Using the material below, return exactly the lines between the one holding "Dit vierpersoons vakantiehuis" and the one holding "Das Spielzeug besteht", inclusive, and no others.

-------- THE DATA --------

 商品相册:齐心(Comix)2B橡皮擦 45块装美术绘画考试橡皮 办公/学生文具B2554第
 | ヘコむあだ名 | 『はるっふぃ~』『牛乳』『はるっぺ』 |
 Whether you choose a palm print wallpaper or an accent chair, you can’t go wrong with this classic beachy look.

--------
-------- THE DATA --------

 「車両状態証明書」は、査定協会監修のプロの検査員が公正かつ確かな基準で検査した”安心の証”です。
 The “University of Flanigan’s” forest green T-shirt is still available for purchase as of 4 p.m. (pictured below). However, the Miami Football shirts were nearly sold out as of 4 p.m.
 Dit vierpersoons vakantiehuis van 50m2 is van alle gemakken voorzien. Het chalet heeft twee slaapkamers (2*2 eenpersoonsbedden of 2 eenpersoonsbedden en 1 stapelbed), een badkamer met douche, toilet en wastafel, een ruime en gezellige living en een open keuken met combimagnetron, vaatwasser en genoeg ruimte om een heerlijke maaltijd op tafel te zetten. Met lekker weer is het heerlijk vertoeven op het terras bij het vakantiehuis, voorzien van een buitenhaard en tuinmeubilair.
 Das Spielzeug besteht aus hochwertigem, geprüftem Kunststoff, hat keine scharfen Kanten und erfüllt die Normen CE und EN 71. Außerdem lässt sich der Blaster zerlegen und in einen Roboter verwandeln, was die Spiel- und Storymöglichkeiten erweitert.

--------

**SOLUTION BELOW:**
 Dit vierpersoons vakantiehuis van 50m2 is van alle gemakken voorzien. Het chalet heeft twee slaapkamers (2*2 eenpersoonsbedden of 2 eenpersoonsbedden en 1 stapelbed), een badkamer met douche, toilet en wastafel, een ruime en gezellige living en een open keuken met combimagnetron, vaatwasser en genoeg ruimte om een heerlijke maaltijd op tafel te zetten. Met lekker weer is het heerlijk vertoeven op het terras bij het vakantiehuis, voorzien van een buitenhaard en tuinmeubilair.
 Das Spielzeug besteht aus hochwertigem, geprüftem Kunststoff, hat keine scharfen Kanten und erfüllt die Normen CE und EN 71. Außerdem lässt sich der Blaster zerlegen und in einen Roboter verwandeln, was die Spiel- und Storymöglichkeiten erweitert.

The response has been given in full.